» TASK ITEM
Everything from the line holding "1. 打开idm,找到菜单栏" through the last line of the records should be repeated word for word, and pictures should be omitted.

» TASK DATA
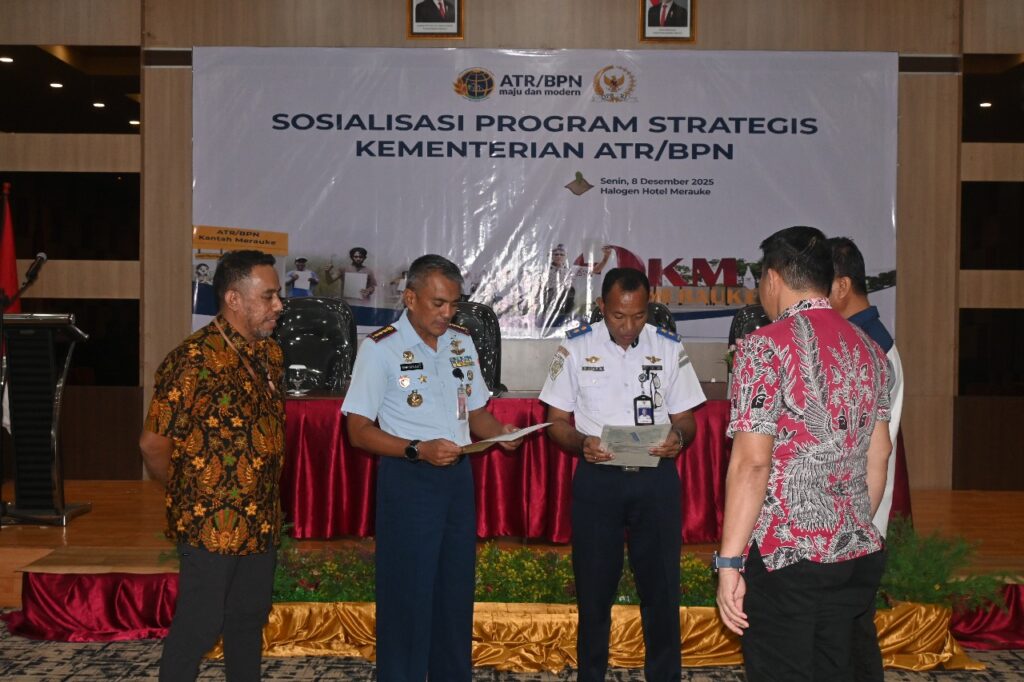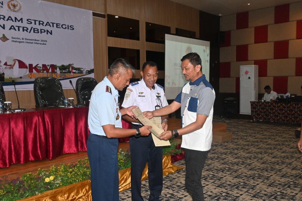 Sertifikat diserahkan Anggota Komisi II DPR RI, Indrajaya, S.E., didampingi Kepala Kantor Pertanahan Kabupaten Merauke, Pantoan K.P.H. Tambunan, S.ST., kepada Komandan Lanud J.A. Dimara, Kolonel Pnb Beny Aprianto, S.M., di Hotel Halogen, Merauke, Papua Selatan, Senin (8/12/2025).
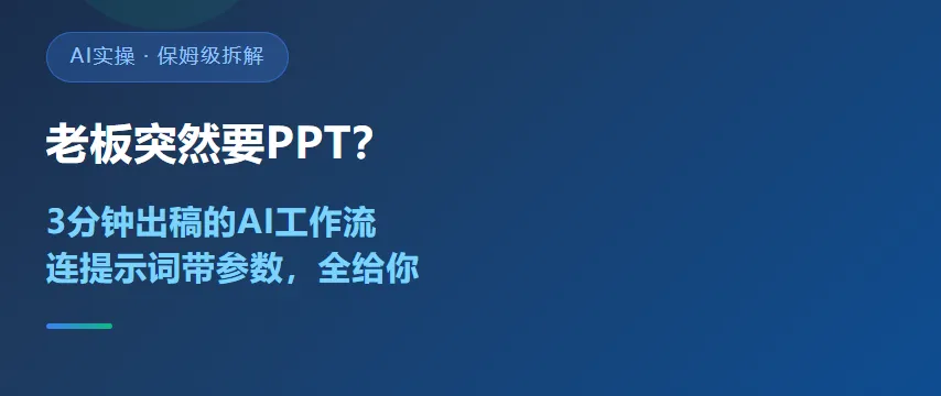 点亮「赞+在看」,公众号后台回复关键词「PPT提示词」,获取本文的两套完整提示词文本 + Gamma参数速查表PDF,直接下载收藏。这套流程用在不同行业、不同汇报场景里,细节参数会有差别。遇到跑出来的效果不对、或者不知道怎么改的,扫码加微信([微信号]),拉你进AI实战破局群,把你的截图丢进来,当天帮你调。你平时做PPT最卡在哪一步——是找不到灵感、数据图表不会做、还是排版总觉得丑?评论区聊聊,票数最高的痛点,下期直接做专项拆解。#PPT制作技巧#AI职场实操#Gamma工具#干货分享#职场效率
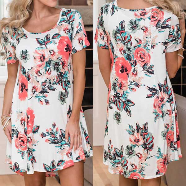 round neck and vibrant floral print,this dress can ensure you a comfortable day with its soft and breathable fabric.
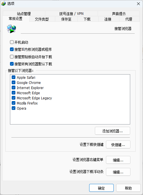 1. 打开idm,找到菜单栏的选项设置,打开后在-常规设置-的勾选情况为(可按照自己的需要勾选):
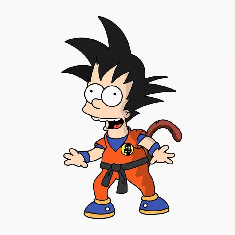 Bart Simpson as a Saiyan Goku mashup reimagines the mischievous Simpsons kid as a powerful Dragon Ball Z warrior, blending Bart's spiky hair and cheeky attitude with Goku's iconic Saiyan traits. This fan art fusion typically shows Bart with yellow Simpsons skin, Goku's wild black spiky hair (often glowing golden in Super Saiyan form), a compact orange gi adapted to his slimmer frame, and a playful tail for that Saiyan edge.

» TASK ANSWER
 1. 打开idm,找到菜单栏的选项设置,打开后在-常规设置-的勾选情况为(可按照自己的需要勾选):
 Bart Simpson as a Saiyan Goku mashup reimagines the mischievous Simpsons kid as a powerful Dragon Ball Z warrior, blending Bart's spiky hair and cheeky attitude with Goku's iconic Saiyan traits. This fan art fusion typically shows Bart with yellow Simpsons skin, Goku's wild black spiky hair (often glowing golden in Super Saiyan form), a compact orange gi adapted to his slimmer frame, and a playful tail for that Saiyan edge.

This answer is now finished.